Yolu Rüzgarlıdan geçip te Salim Taşçı’ yı tanımayan yoktur.1970li yıllarda Jandarma istihbarat subaylığında görev yaptığı dönemde hemen her gazetenin ve gazetecinin işi ya da yolu Taşçı ya çıkmıştır.
Benim de Salim Taşçı( Salim Abi) ile ilk tanışmam gazeteciliğe başladığım ve uzun yıllar çalıştığım TASVİR Gazetesinde oldu.
O yıllar içinde dostluğumuz (Abi-Kardeş) ilişkilerimiz bugüne kadar sürdü.

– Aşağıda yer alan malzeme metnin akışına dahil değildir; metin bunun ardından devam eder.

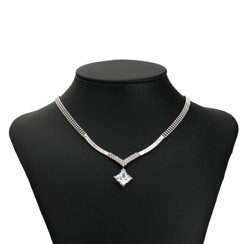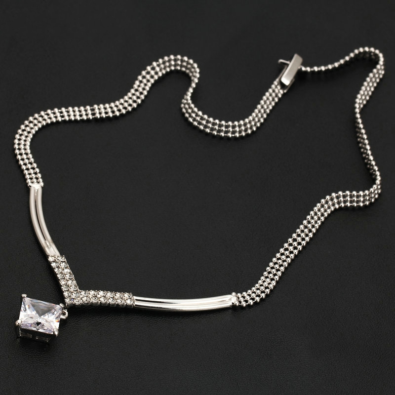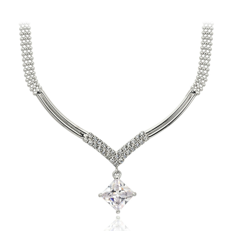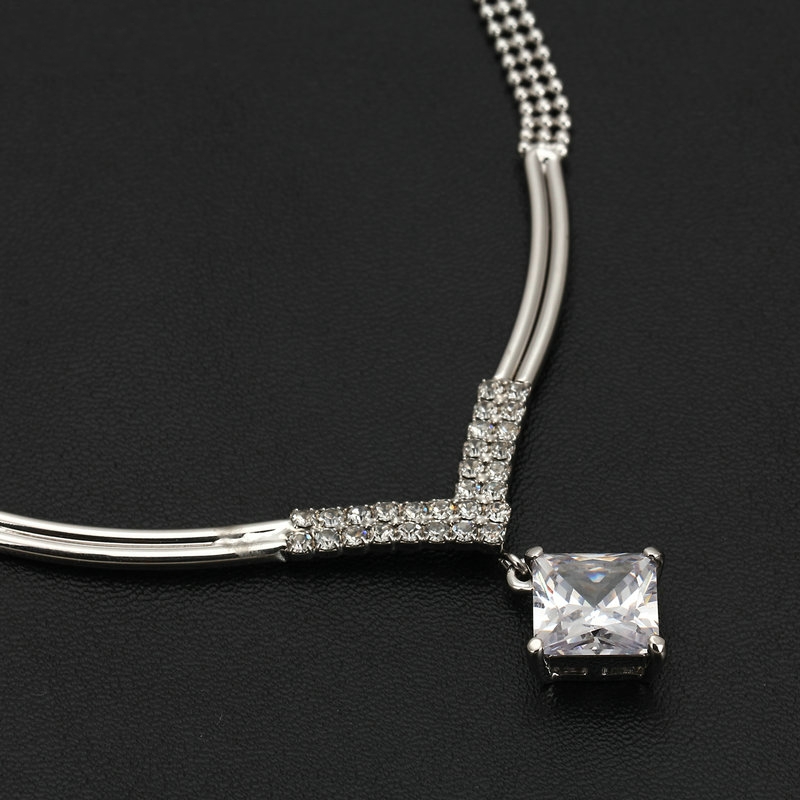 Platinum square CZ stone Pendant. 16″
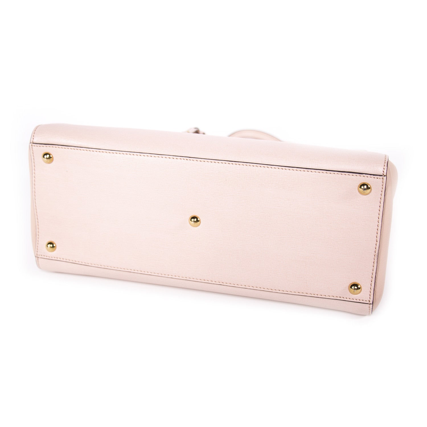 Details: Light Pink Leather / Gold-Tone Hardware / Dual Rolled Handles / Single Shoulder Strap / Protective Studs At Base / Tonal Canvas Lining / Three Compartments One With Zip Closure / Dual Pockets At Interior Walls / Snap Lock Closure At Top / Logo Tag At Front Exterior
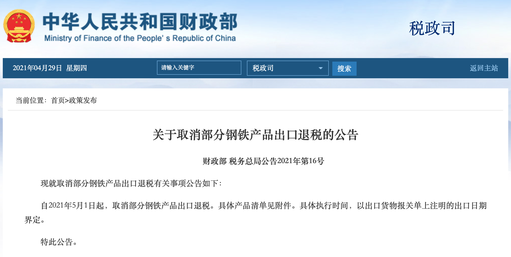 此外,财政部、国家税务总局28日联合发布公告称,自2021年5月1日起,取消部分钢铁产品出口退税。具体产品清单见附件。具体执行时间,以出口货物报关单上注明的出口日期界定。
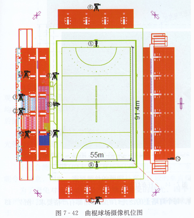 二.             曲棍球場攝像機位圖如圖7-42所示,該圖與表7-25配合使用。
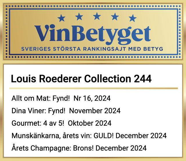 Champagnen hyllas också stort i Sverige, se alla höga betyg i vår guldruta ovan. Louis Roederer Collcetion 242 är alltså ett säkert val: Att njuta av och att ge bort som present.
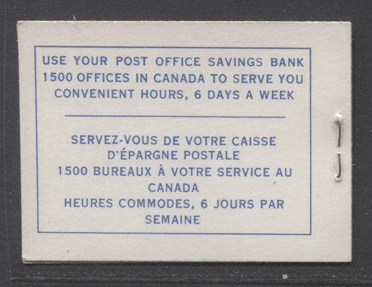 Canada #BK53bvar 1962-1967 Cameo Issue, a VFNH Booklet Containing 1c & 4c Panes of 5, Type II 'Local 4c First Ounce' Cover, DF Panes, HB Interleaving

Taa ki dün o acı haberi alana kadar.
Ölüm doğum gibi haktır.
Herkes doğduktan sonra öleceğini mutlaka bilir ,ama nasıl ve ne zaman olacağını bilemez
Bilse zaten hayatın ve yaşamanın manası kalmaz.
İşte bu yüzden vedalaşmalar hüzünlü ve de çok anlamlıdır, çünkü bir daha görüşüp görüşemeyeceğimizin garantisi yoktur.

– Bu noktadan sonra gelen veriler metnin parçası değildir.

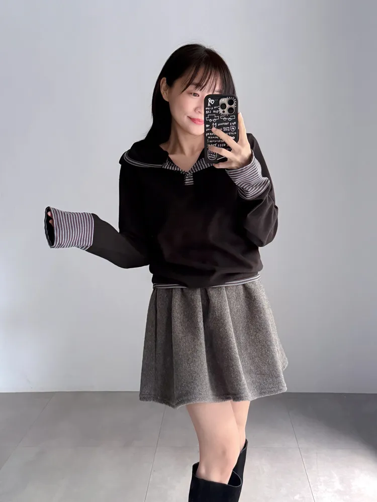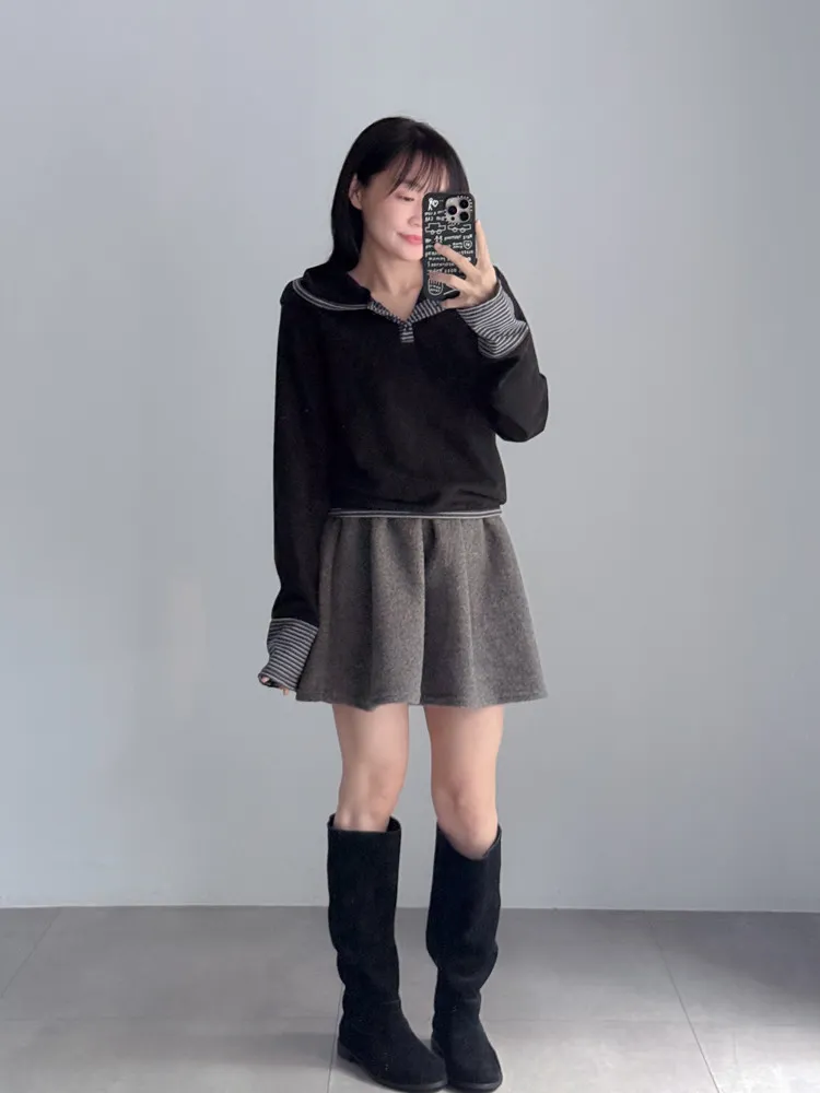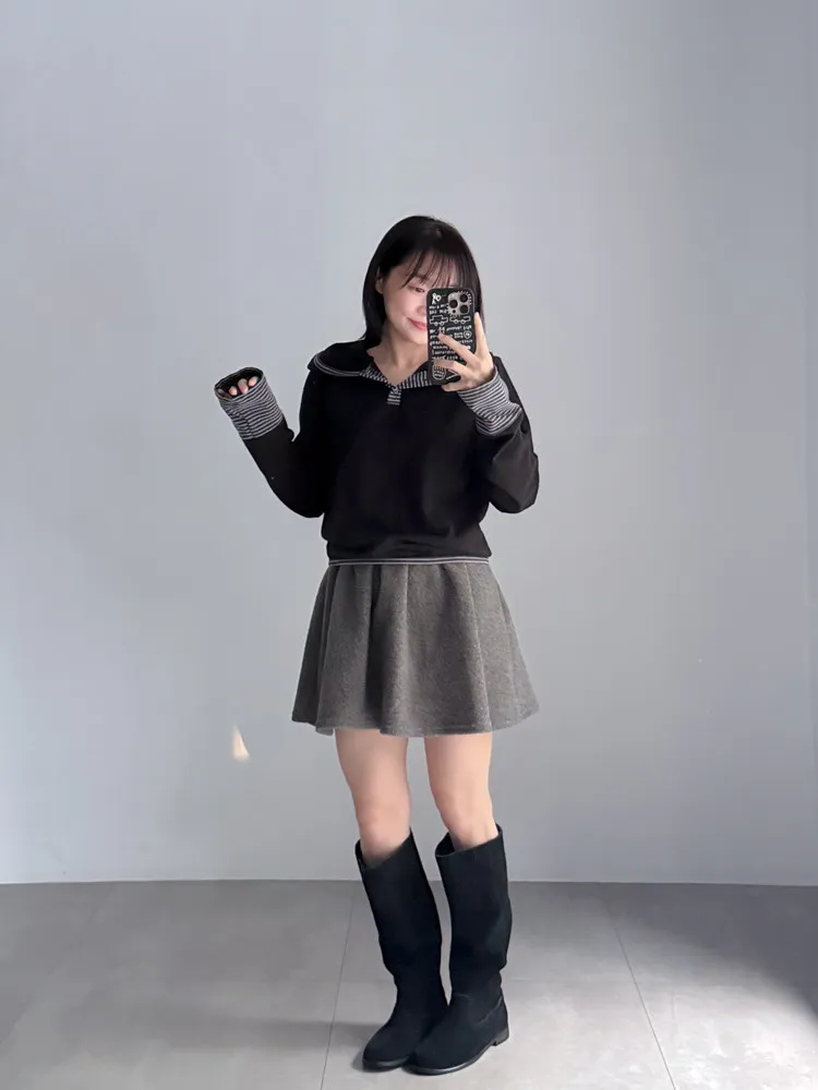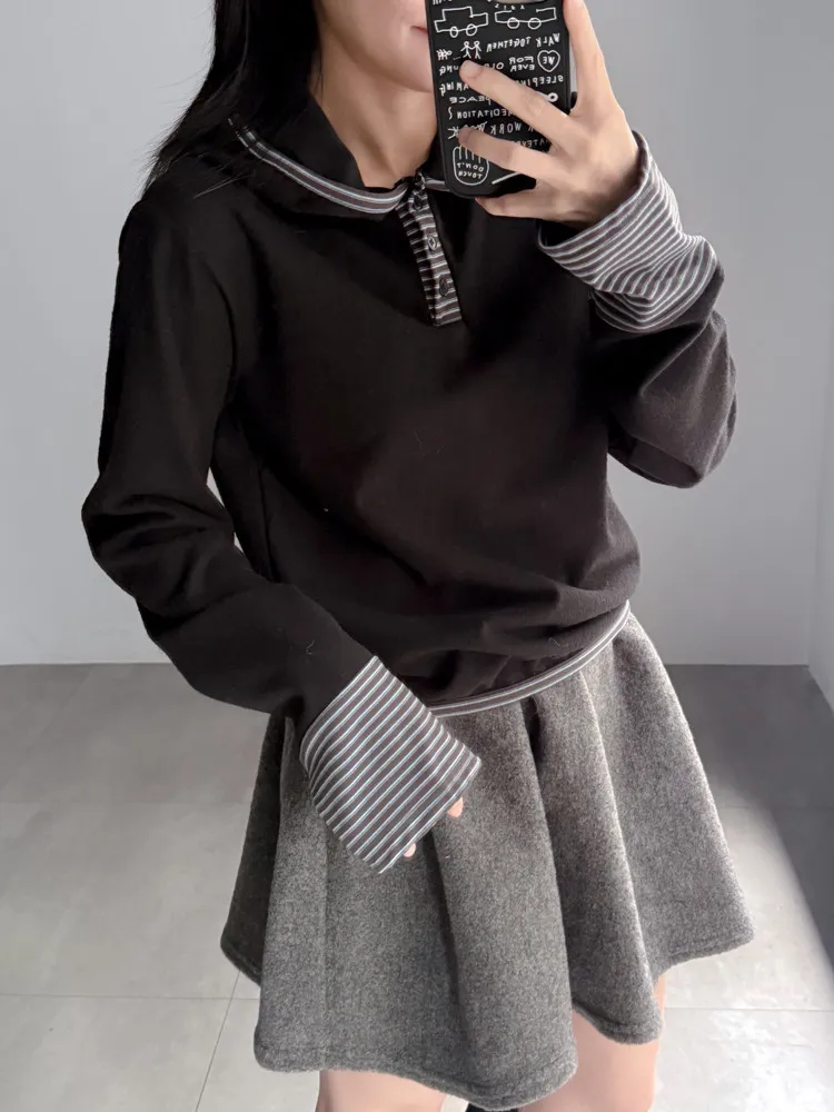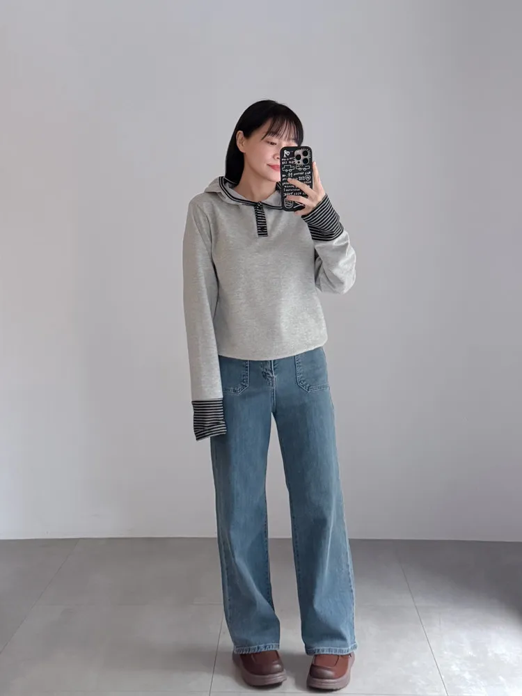 [特點] 磨毛偏薄手感面料,連帽設計,條紋拼袖造型。

”HAYAT BİR GÜNDÜR O DA BUGÜNDÜR” sözünü bu yüzden çok severim.
Bugün varız ama yarın meçhuldür. O nedenle dostluklara çok önem vermemiz ve dostlarımızın da kıymetini bilmemiz gerekir.
Salim Taşçı bu konuda bütün dostlarına çok güzel örnek olmuş bir dosttu.
Herkesi sever ,herkes tarafından sevilirdi. Hayır sever, yardım sever ve iyilikseverdi.
Hoşgörülü ve mütevaziliği Onu hep büyütür herkesin Salim Abisi olurdu.
Birlikte olduğumuz Kemalist Atılım Birliği ve çıkardığımız SANCAK Gazetesi, Onun müthiş bir Atatürk hayranı olduğunun da simgesiydi.
Vefat haberini aldıktan sonra birlikte yaşadığımız anılar bir film şeridi gibi aktı geçti.
Son görüşmemizde çok sayıda yazdığı kitaplar arasından adıma imzaladığı KÜS TOPRAKLAR adlı eseri hala masamın üzerinde duruyor.
”KIYMETLİ CAN DOSTUM ENDER YOLDAR’ A ÖMÜR BOYU GÜLMESİ DİLEĞİMLE” demişti.
Salim Abinin ardından böyle bir yazı yazacağım hiç aklıma gelmezdi.
Ben de, Onun benim için kullandığı o sözlerle veda ediyorum Salim Abi ye ;GÜLE GÜLE CAN DOSTUM.